Milli iradenin temsil organı, egemenliğimizin simgesi olan Meclisimizin 104’üncü yılı bizlere ve tüm dünyaya umut vermektedir!
İnsanlığı muasır medeniyet seviyesine taşıma yüklülüğümüz ile çocuklarımıza sahip olduğumuz bağımsızlığı, özgürlüğün değerini önemini daha iyi anlatabilme gayretinde olmalıyız…
Sadece kendi gelecekleri için değil daha yaşanabilir eşit, adil ve hakça, insanca bir düzen için mücadele etmek gerektiği bilincini aşılayabilmeliyiz.
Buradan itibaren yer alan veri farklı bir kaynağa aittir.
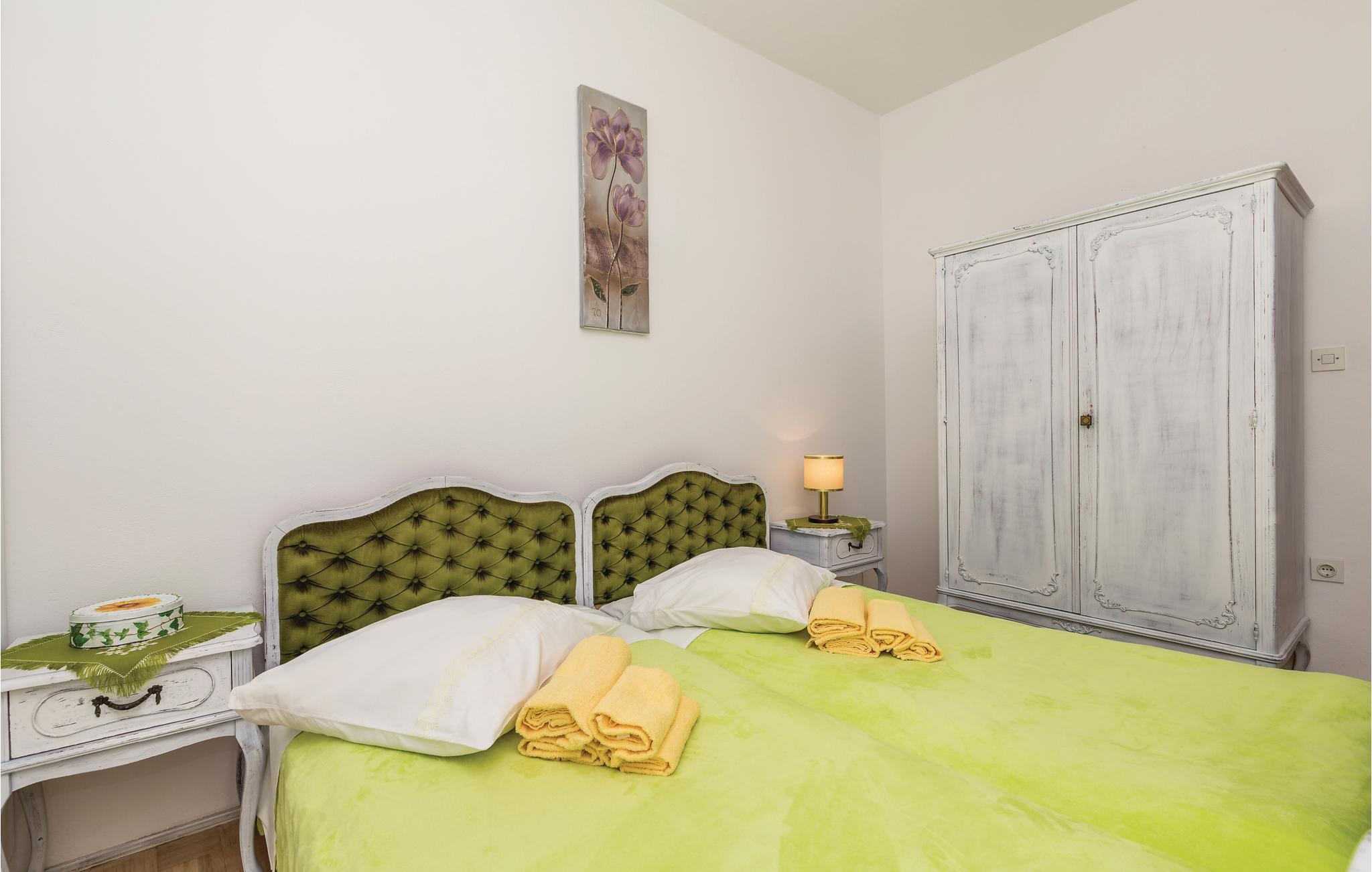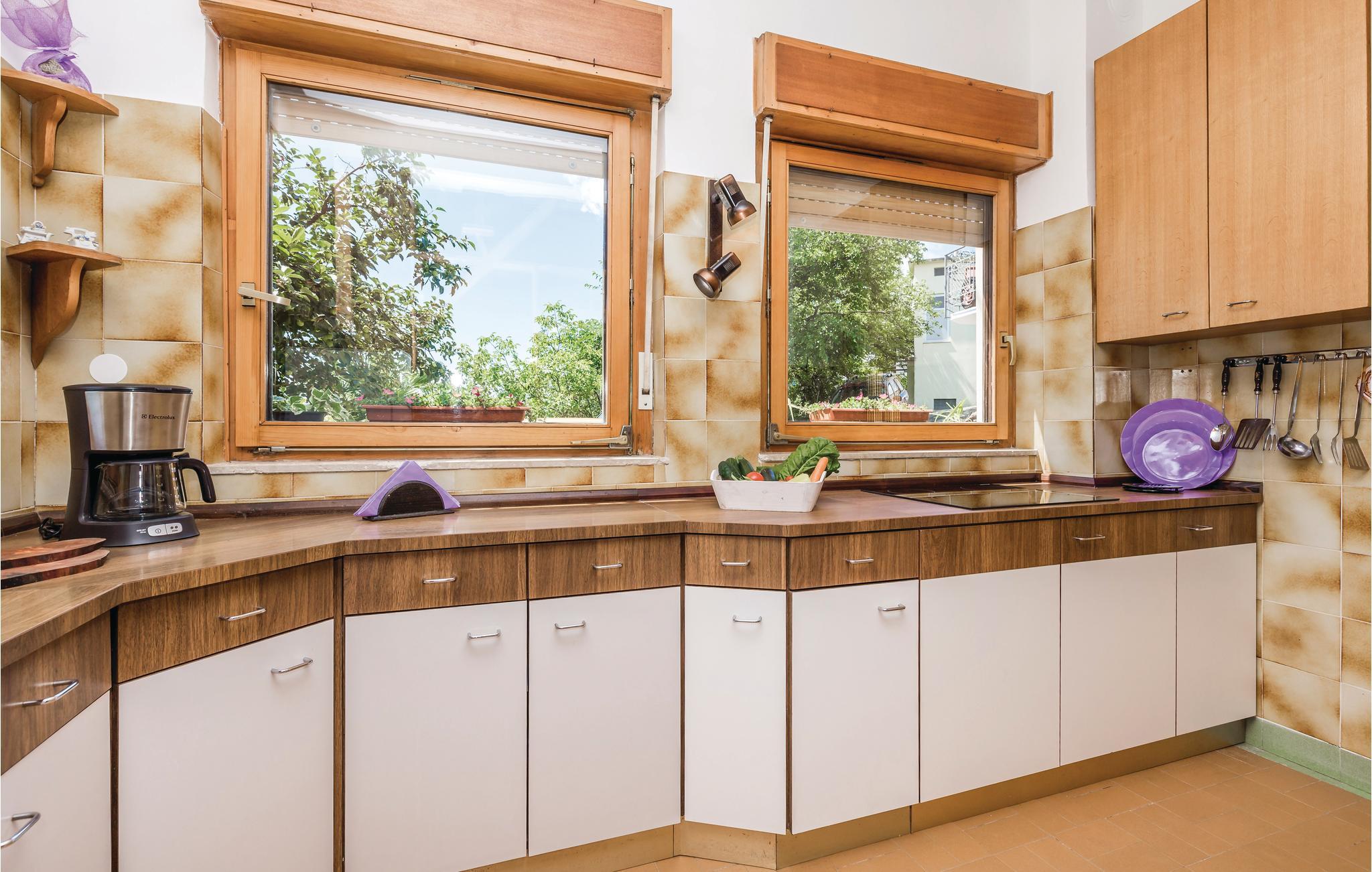 Denne stueplans ferielejlighed er indrettet med træ, har en praktisk rumopdeling og lyse vægge. En traditionel rustik charme, med trælofter. Huset ligger i et grønt boligområde med villaer og to restauranter lige i nærheden. Mod vest møder byen Bregi et skovområde, hvis sydlige del bliver til naturparken Ucka. Bregi ligger bag Opatija og er adskilt fra landevejen E751 (250 m luftlinje fra huset) med et grønt bælte. Her bor i langt fra byens støj og trafiklarm og kan holde en rolig og afslappet ferie. Her er sågar to skønne terrasser: en foran lejligheden i skyggefulde omgivelser og den anden bag huset med grill, som er til fælles brug. Får I lyst til byens liv og leben, så tag en tur til Opatija, med talrige restauranter og cafeer.

İlim, irfan ve de ahlak sahibi gelecek nesiller için bugünden elimizi taşın altına koymalıyız!
Sadece kendi çocuklarımızı en iyi şekilde yaşatmak, okutmak, geliştirmek aslında kendi çocuklarımıza da kötülük yapmamız anlamına gelir!
En iyi şartlarda yetiştirip büyüttüğünüz çocuklarımızın sistemin modern kölesi haline gelmiş yığınlara dönüşmesine izin vermemeliyiz!
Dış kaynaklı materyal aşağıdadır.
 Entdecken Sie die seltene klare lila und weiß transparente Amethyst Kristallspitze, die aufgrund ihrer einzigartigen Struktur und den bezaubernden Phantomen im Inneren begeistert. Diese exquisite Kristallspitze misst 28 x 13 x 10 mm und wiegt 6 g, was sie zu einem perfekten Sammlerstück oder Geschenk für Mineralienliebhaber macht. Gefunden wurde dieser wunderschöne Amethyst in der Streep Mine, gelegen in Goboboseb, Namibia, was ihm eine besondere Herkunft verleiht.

İyi insan, ahlak sahibi, dürüst çocuklarımızın kaos, savaş, çatışmaya kurban gitmesine izin vermemeliyiz!
Zorbalıkla, zalimce, hakkı yenerek, şiddete maruz bırakılarak yaşamdan koparılmasına izin vermemeliyiz!
Bunun için topyekün hepimiz tüm çocukları daha iyi bir geleceğe hazırlamalıyız!...
UNİCEF’in Türkiye Çocuk Araştırması 2022 Raporuna göre; Anneleri/temel bakım verenleri tarafından peynir ve yoğurt gibi hayvan sütünden yapılan yiyecekleri her gün tükettiği belirtilen 6 aylık ve daha yukarı yaştaki çocukların oranı %57,8 oldu.
YANİ ÇOCUKLARI SAĞLIKLI BESLEMEKTE EKSİĞİZ!
Rapora göre; Anneleri/temel bakım verenleri tarafından ayda en az birkaç kez diğer çocuklar tarafından zorbalığa maruz kaldığı belirtilen 6-17 yaş grubundaki çocukların oranı %13,8 oldu.
YANİ ÇOCUKLARI KORUYAMIYORUZ!
Son bir hafta içinde en az bir gün, günde en az bir saat yapılan sportif faaliyetler incelendiğinde, anneleri/temel bakım verenleri tarafından 4-17 yaş grubundaki çocukların %14,1'inin yürüyüş/koşu yaptığı, %7,6'sının futbol oynadığı, %4,0'ünün bisiklet sürdüğü, %1,8'inin voleybol oynadığı, %1,5'inin basketbol oynadığı, %5,8'inin ise diğer sportif faaliyetleri yaptığı görüldü.
YANİ ÇOCUKLARI SPORTİF FAALİYETLERE YÖNLENDİREMİYORUZ!
Rapor uzun, değinilecek eksik çok… Ama şunu biliyoruz ki Türkiye’de çocuk hakları, ihtiyaçları, gereksinimleri için üretilmesi, hayata geçirilmesi gereken politikalarda çok ciddi bir açık var!
Oysa lafa geldiğinde her şey onlar için…
Ama artık MIŞ gibi yapmaktan fazlasına ihtiyaç var!